# Image Captioning

Image Captioning allows SillyTavern to automatically generate text descriptions for images used in chats. 

Use Image Captioning when you want your AI character to "see" and respond to visual content in your conversations.

- Create captions for images you upload or paste into messages
- Add context to existing images in the chat history
- Use various sources for generation, including local models, cloud APIs, and crowdsourced networks

There are options that require no setup, no money, and no GPU. There are also options that require some or all of those things. Choose the one that fits your needs and resources.
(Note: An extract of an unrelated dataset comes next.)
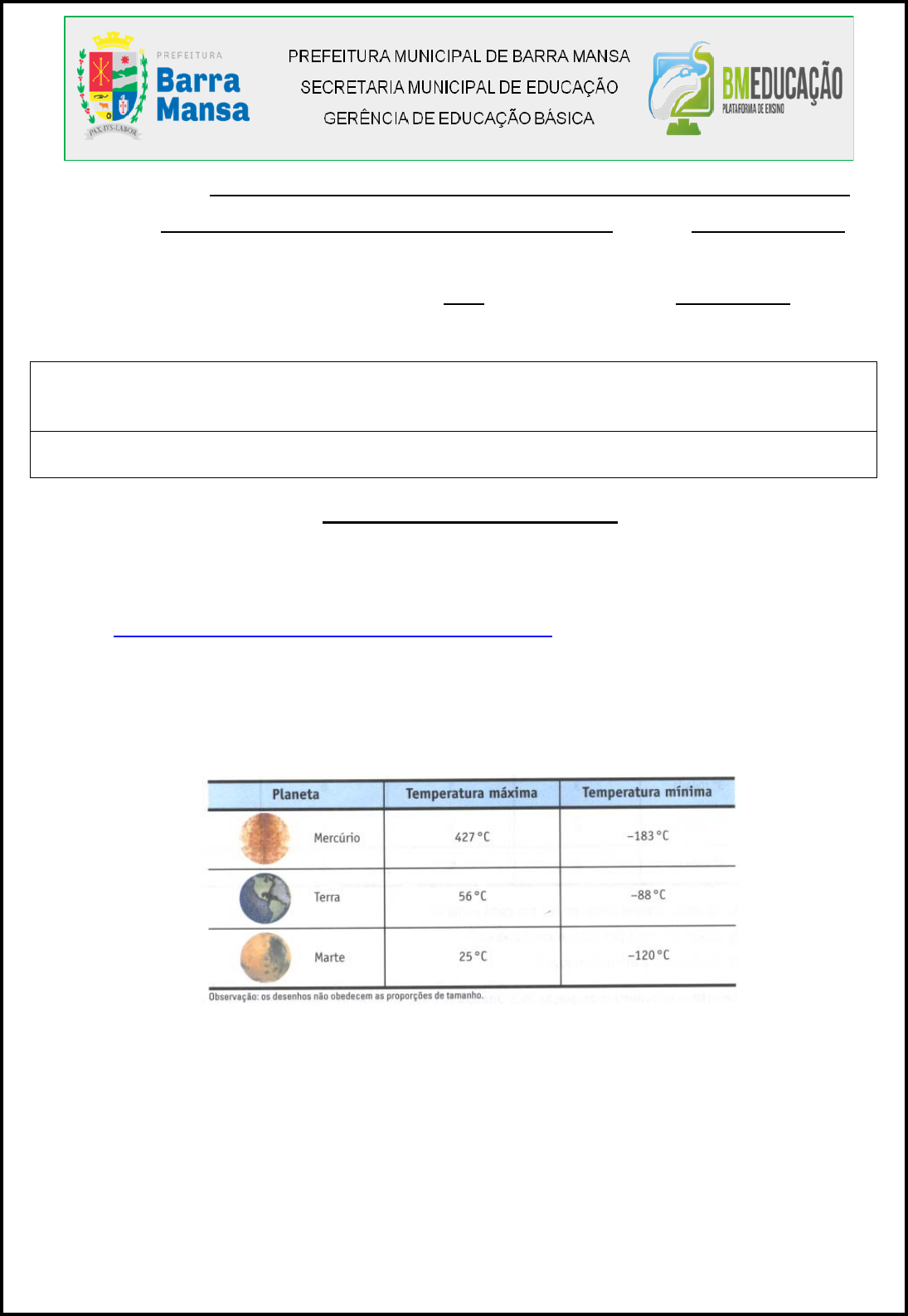 <p>Matemática- Profª Roberta Pires/ Prof. Euler- Semana 4</p><p>Unidade Escolar:</p><p>Nome: Data:</p><p>COMPONENTE CURRICULAR: MATEMÁTICA</p><p>ENSINO FUNDAMENTAL I -6º/ 7º ANO/CICLO - 2021 TURMA</p><p>SEMANA IV – 22 a 26/03/2021</p><p>Habilidades a serem desenvolvidas: (EF07MA03) Comparar, ordenar números inteiros em</p><p>diferentes contextos, incluíndo histórico, associá-los a pontos da reta numérica e utilizá-los</p><p>em situações que envolvam adição e subtração.</p><p>Orientações:</p><p>Ao terminar de fazer a atividade, cole em seu caderno. Tente ser o mais organizado possível.</p><p>ATIVIDADE REMOTO/ HIBRIDO</p><p>Olá Alunos e Alunas!</p><p>Prosseguindo com nossos estudos de números inteiros, vamos iniciar as operações</p><p>com eles adição e subtração. Assistindo ao vídeo e resolvendo os exercicios abaixo:</p><p>https://www.youtube.com/watch?v=2NKWfi942wg</p><p>Mãos na massa:</p><p>1 - Veja as temperaturas máximas e mínimas de alguns planetas:</p><p>Calcule a diferença entre a temperatura máxima e mínima de cada um desses</p><p>planetas:</p><p>a) Mercúrio: 427º – ( – 183º ) =</p><p>b) Terra: 56º – ( – 88º ) =</p><p>c) Marte: 25º – ( – 120º ) =</p><p>Matemática- Profª Roberta Pires/ Prof. Euler- Semana 4</p><p>2 - Movimentar uma conta bancária significa obter créditos (por meio de depósitos) ou fazer</p><p>débitos (por meio do pagamento de cheques ou contas, da retirada de dinheiro em caixas</p><p>eletrônicos, etc.). Para o cliente saber como “anda sua conta”, o banco lhe fornece um</p><p>informativo, denominado “extrato”. Observe, abaixo, um extrato bancário hipotético.</p><p>Imagine-se você o cliente do extrato apresentado...</p><p>a) Sua conta está, num primeiro momento, em débito de R$ 254,50. Com a movimentação</p><p>do dia 07/01, como fica sua situação?</p><p>__________________________________________________________________________</p><p>b) No dia 08/01 ocorrem novos débitos e créditos na conta. Qual o saldo final neste dia?</p><p>__________________________________________________________________________</p><p>c) Novamente houve movimentação na conta em 09/01. Qual seu saldo final neste dia?</p><p>__________________________________________________________________________</p><p>3 - Dona Vera sempre faz compras no armazém “Bom e Barato”. Seu José, dono do</p><p>armazém, marca tudo num caderno. Ele marcou os créditos com o sinal + e as dívidas com o</p><p>sinal –.</p><p>a) Observe o que aconteceu num certo mês e registre como você imagina que seu José fez</p><p>suas anotações:</p><p>- Ela fez uma compra de 18 reais e não pagou.</p><p>- Ela fez uma compra de 10 reais e também não pagou.</p><p>Matemática- Profª Roberta Pires/ Prof. Euler- Semana 4</p><p>- Ela foi ao armazém e pagou 20 reais ao seu José.</p><p>Dona Vera tem crédito ou dívida com o seu José? De que valor? __________________</p><p>b) No mês seguinte a esse, em 14 dias, dona Vera fez outras compras:</p><p>- Ela fez uma compra de 30 reais e não pagou. Seu José não se esqueceu da situação</p><p>de dona Vera no final do mês anterior e registrou tudo. Como ficou esse registro?</p><p>___________________________________________________________________________</p><p>- Ela fez uma compra de 15 reais e pagou 40 reais. Como foi registrado?</p><p>___________________________________________________________________________</p><p>- Ela foi ao armazém e pagou 20 reais para o seu José.</p><p>___________________________________________________________________________</p><p>- E agora, dona Vera tem crédito ou dívida com o seu José? De que valor?</p><p>___________________________________________________________________________</p><p>4 - Um mergulhador saltou de um ponto situado 6m acima do nível do mar e desceu 20m a</p><p>partir do ponto inicial.</p><p>a) Use um número inteiro positivo ou um número inteiro negativo para indicar a posição onde</p><p>ele se encontra em relação ao nível do mar. ______________________________________</p><p>b) Do ponto onde estava ele desceu, ainda, 5m. A que posição chegou em relação ao nível</p><p>do mar? ___________________________________________________________________</p><p>5 - Complete as sentenças, a fim de obter sentenças verdadeiras:</p><p>a) – 1 e +1 são números inteiros ________________</p><p>b) 7 e -7 também são números inteiros _______________.</p><p>c) O simétrico de 30 é ________.</p><p>d) O oposto de – 30 é ________.</p><p>6 - Complete com os símbolos < , > ou = :</p><p>a) 0 __ 1 b) 17 __ – 17 c) – 20 __ – 1 d) – 3 __ 6</p><p>e) – 8 __ 0 f) 0 __ – 50 g) – 14 __ – 61 h) – 26 __ – 95</p><p>Vamos pesquisar o</p><p>que é números</p><p>simétricos e</p><p>opostos.</p><p>Faça um pequeno</p><p>resumo em seu</p><p>caderno.</p>

The image captioning extension is built-in to SillyTavern and does not need to be installed separately.

## Quick start

1. Set up:
    - Open the **Image Captioning** panel in the **<i class="fa-solid fa-cubes"></i> Extensions** panel
    - Choose a captioning source (most likely "Local" or "Multimodal")
    - For "Multimodal" ensure you've set up the connection in the **<i class="fa-solid fa-plug"></i> API Connections** tab
2. Generate a caption:
    - Choose "**Generate Caption**" from the **<i class="fa-solid fa-magic-wand-sparkles"></i> Extensions** popup menu
    - Select an image file when prompted
    - Wait for the caption to be generated
3. Review and send:
    - The captioned image will be inserted into your message
    - See the caption using the image tooltip
    - Click **<i class="fa-solid fa-paper-plane"></i> Send** to see what your character thinks of the image!

## Panel controls

### Source Selection

Choose the source for image captioning. Supported options:

| Source                           | Description                                                                                                                                                                                                  |
|----------------------------------|--------------------------------------------------------------------------------------------------------------------------------------------------------------------------------------------------------------|
| [Multimodal](#multimodal-source) | **Cloud**: OpenAI, Anthropic, Google, MistralAI, and others. <br>**Local**: Ollama, llama.cpp, KoboldCpp, Text Generation WebUI, and vLLM. <br>Supports custom prompts so you can ask your images questions. |
| [Local](#local-source)           | Uses [transformers.js](https://huggingface.co/docs/transformers.js/en/index) running locally inside your SillyTavern server. Zero setup!                                                                     |
| Horde                            | Uses the [AI Horde](https://aihorde.net/) network, a crowdsourced distributed network of image generation models. Nothing to download, configure, or pay for. Variable response times.                       |
| Extras                           | The Extras project was discontinued in April 2024 and is not maintained or supported.                                                                                                                        |

### Caption Configuration
- **Caption Prompt**: Enter a custom prompt for captioning. The default prompt is "What's in this image?"
- **Ask every time**: Toggle to request a custom prompt for each image caption

### Message Template
- **Message Template**: Customize the caption message template. Use `{{caption}}` macro to insert the generated caption. The default template is `[{{user}} sends {{char}} a picture that contains: {{caption}}]`

### Auto-captioning
- **Automatically caption images**: Toggle to enable automatic captioning of images pasted or attached to messages
- **Edit captions before saving**: Toggle to allow editing captions before they are saved

## Captioning images

All the ways to caption images in SillyTavern:

* Choose "**Generate Caption**" from the **<i class="fa-solid fa-magic-wand-sparkles"></i> Extensions** popup menu and select an image file when prompted
* Click the <i class="fa-solid fa-envelope-open-text"></i> **Caption** icon at the top of an image already in a message
* Paste an image directly into the chat input with [auto-captioning](#auto-captioning) enabled
* Attach an image file to a message using the <i class="fa-solid fa-paperclip"></i> **Embed File or Image** button in the actions of a message.
* Send a message with an embedded image
* Use the `/caption` [slash command](#slash-command-caption)

## Auto-Captioning
The auto-captioning feature allows you to automatically generate captions for images as they are added to the chat, without manually triggering the captioning process each time.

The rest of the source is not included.